[fix] Fix the activation checkpointing when using SwiGLUPackedFusedOp

The IF conditional on the x.requires_grad state (to change the behavior between inference/training modes) changes behavior of the recomputation of the forward() method which breaks activation checkpointing (as on recomputation phase x is detached with requires_grad==False, and different number of tensors are saved in the save_for_backward() method).
facebookresearch · Oct 17, 2024 · 4829d7e · 4829d7e
1 parent 46d2823
commit 4829d7e
Showing 1 changed file with 5 additions and 0 deletions.
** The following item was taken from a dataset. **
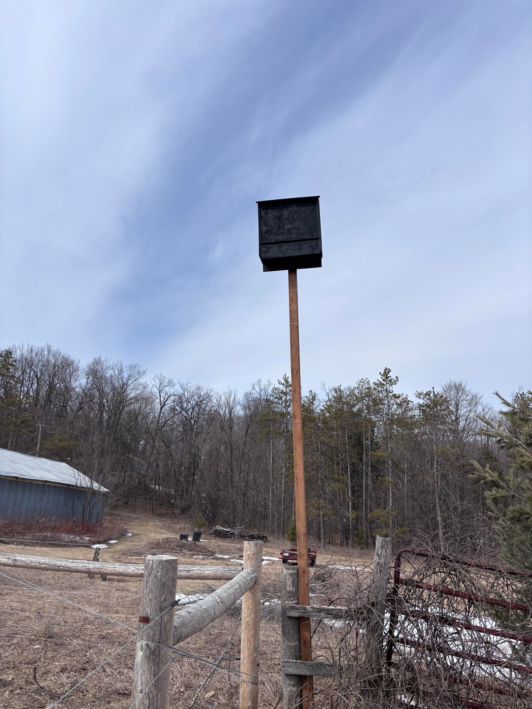 Fiancé and I built and raised a bat box today. Fun project. Though I think I used half my tools getting the post up and sistered to an unused fence post.

diff --git a/xformers/csrc/swiglu/swiglu_packedw.cpp b/xformers/csrc/swiglu/swiglu_packedw.cpp
@@ -211,7 +211,12 @@ at::Tensor swiglu_packedw_cuda(
     const std::optional<at::Tensor> b1b2,
     const at::Tensor w3,
     const std::optional<at::Tensor> b3) {
+  if (torch::GradMode::is_enabled()) {
     return SwiGLUPackedWeights::apply(x, w1w2, b1b2, w3, b3);
+  } else {
+    return SwiGLUPackedWeights::forward(
+        /* ctx */ nullptr, x, w1w2, b1b2, w3, b3);
+  }
 }
 } // namespace